Verifying Email Addresses Is Impossible

sysadmin

Email - or really, the Simple Mail Transfer Protocol has shortcomings. SMTP is great because it is simple. RFC 821, the original specification, is only 68 pages long, short for a technical RFC. It is relatively easy to implement a minimal SMTP client or server.

One of the features that one might want out of their email library is the ability to verify that an address exists. Perhaps when a user signs up, we could detect that they made a mistake entering their email address with AJAX, alerting them to a problem before they submit the form. Or we could prune old email addresses from our mailing list automatically by periodically checking that the email addresses exist.

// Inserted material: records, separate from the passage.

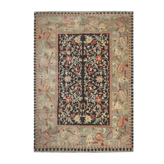 10x14 Black, Pale Aqua Hand Knotted Turkish Oushak 100% Wool Traditional Oriental Area Rug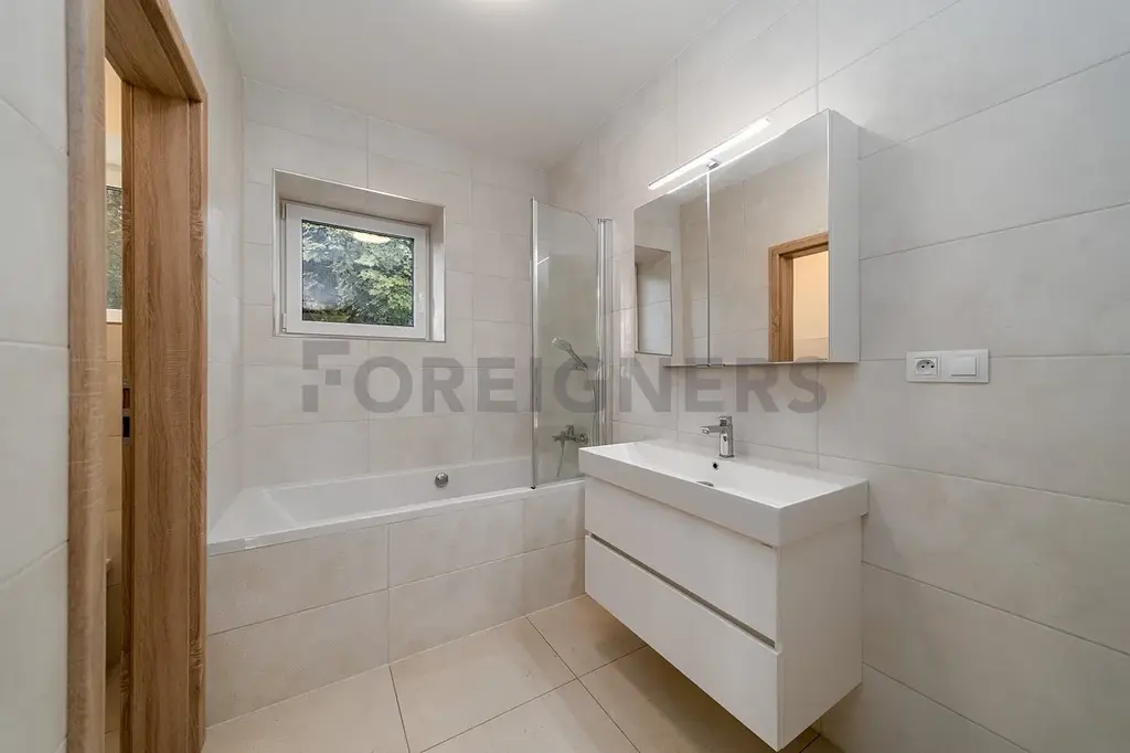 Koupelna s vanou, umyvadlem se skříňkou a zrcadlem, otopným žebříkem. Samostatnou toaletou a úklídovou místností s umyvadlem.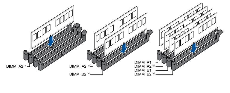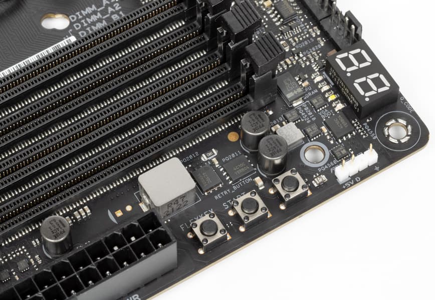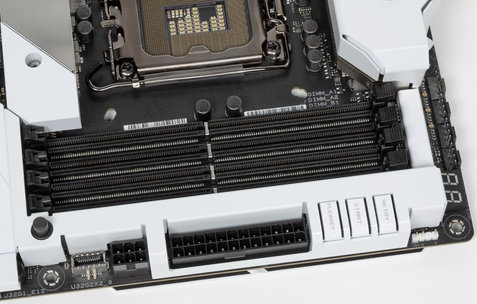Для установки модулей памяти на плате Asus имеется четыре DIMM-слота (для работы памяти в Dual Channel в случае использования всего 2 модулей их следует устанавливать в А2 и B2. Плата поддерживает небуферизованную память DDR5 (non-EСС), а максимальный объем памяти составляет 128 ГБ. Разумеется, поддерживаются профили XMP.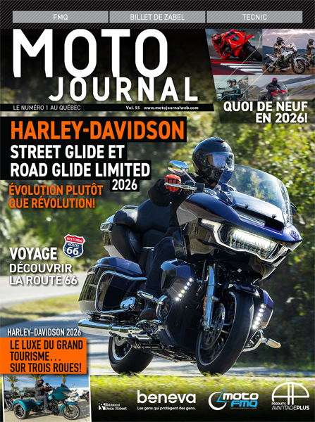 Jean Paré vous présente le Street Glide et le Road Glide Limited 2026 de Harley-Davidson ainsi que les trois roues Trike. Didier Constant vous a préparé un dossier sur les nouveautés 2026 des manufacturiers et découvrez la Route 66 grâce à Zac Kurylyk.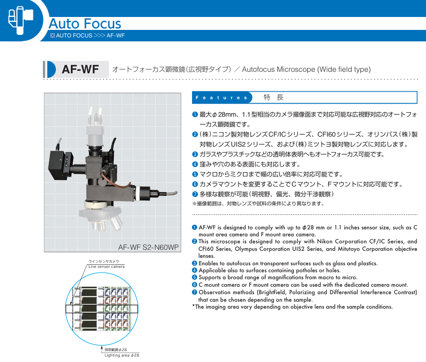 라인센서 방식 오토포커스를 적용해 표면에 홈·구멍(단차/요철)이 있는 시료에서도 합초가 가능하며, 유리·플라스틱 등 투명체 표면에도 안정적으로 자동초점을 지원합니다.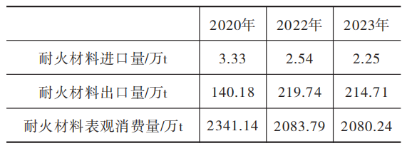 2023年我国耐火材料制品进口量2.25万t,同比减少11.4%;出口量214.71万t,同比减少2.3%;表观消费量2080.24万t,基本与2022年持平,2020—2023年我国耐火材料表观消费量见表2。

It turns out that RFC 821 actually has a VRFY command which allows the client to check if an address exists. However, because it could be used by spammers to prune their lists - and hence, make their activities harder to detect - RFC 2505 specifically suggests limiting VRFY to authenticated / trusted users. As such, no public mail server is going to allow an arbitrary client to use VRFY today, if they turn on VRFY support at all.

Some people have come up with clever ways of attempting to verify addresses in other ways. The most common proposed way of doing this is to start an SMTP transaction, and treat an error after sending the proposed recipient address as proof that the address does not exist. Al Iverson has laid out why this is a bad idea, though, which amounts to: it does not work (many servers have a ‘catchall’ address) and it will get your server on spam blacklists.

So, there is no way to verify an email address without sending a message, much less a good way to do so. The best you can do is ask your user to click a link in an email that you have sent them - but even this has a significant cost in that it inconveniences your user. The best solution is to design your application in such a way that no email address verification is required.